With the pictures left out, retype exactly the lines below starting at the line that contains "This was an" and ending at the line that contains "Produk (BISA BAYAR".

**INPUT FOR THIS TASK**

↓↓↓

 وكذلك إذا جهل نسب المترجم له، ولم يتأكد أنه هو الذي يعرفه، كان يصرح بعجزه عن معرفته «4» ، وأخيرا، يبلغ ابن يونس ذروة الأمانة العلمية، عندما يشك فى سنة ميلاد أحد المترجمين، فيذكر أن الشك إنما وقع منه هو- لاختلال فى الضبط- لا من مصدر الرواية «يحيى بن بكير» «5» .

↑↑↑
↓↓↓

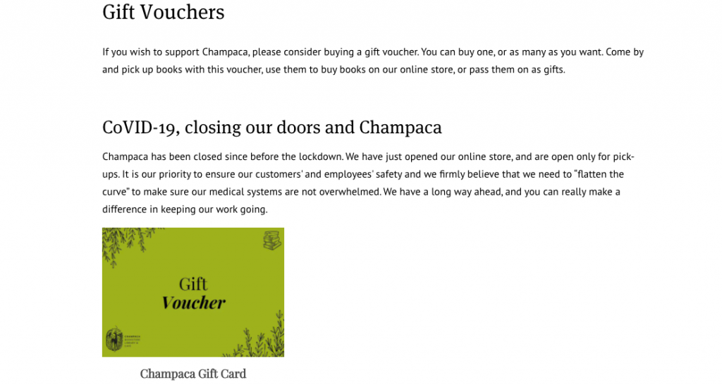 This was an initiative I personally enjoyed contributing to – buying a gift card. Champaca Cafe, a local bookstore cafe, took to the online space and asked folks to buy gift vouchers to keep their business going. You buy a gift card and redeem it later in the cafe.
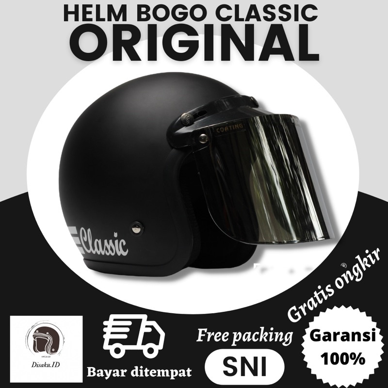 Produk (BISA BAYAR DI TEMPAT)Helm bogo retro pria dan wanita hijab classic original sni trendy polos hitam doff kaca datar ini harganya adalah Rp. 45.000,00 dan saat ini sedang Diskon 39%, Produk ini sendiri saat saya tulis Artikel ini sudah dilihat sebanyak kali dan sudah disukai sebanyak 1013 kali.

↑↑↑

**SOLUTION BELOW**
 This was an initiative I personally enjoyed contributing to – buying a gift card. Champaca Cafe, a local bookstore cafe, took to the online space and asked folks to buy gift vouchers to keep their business going. You buy a gift card and redeem it later in the cafe.
 Produk (BISA BAYAR DI TEMPAT)Helm bogo retro pria dan wanita hijab classic original sni trendy polos hitam doff kaca datar ini harganya adalah Rp. 45.000,00 dan saat ini sedang Diskon 39%, Produk ini sendiri saat saya tulis Artikel ini sudah dilihat sebanyak kali dan sudah disukai sebanyak 1013 kali.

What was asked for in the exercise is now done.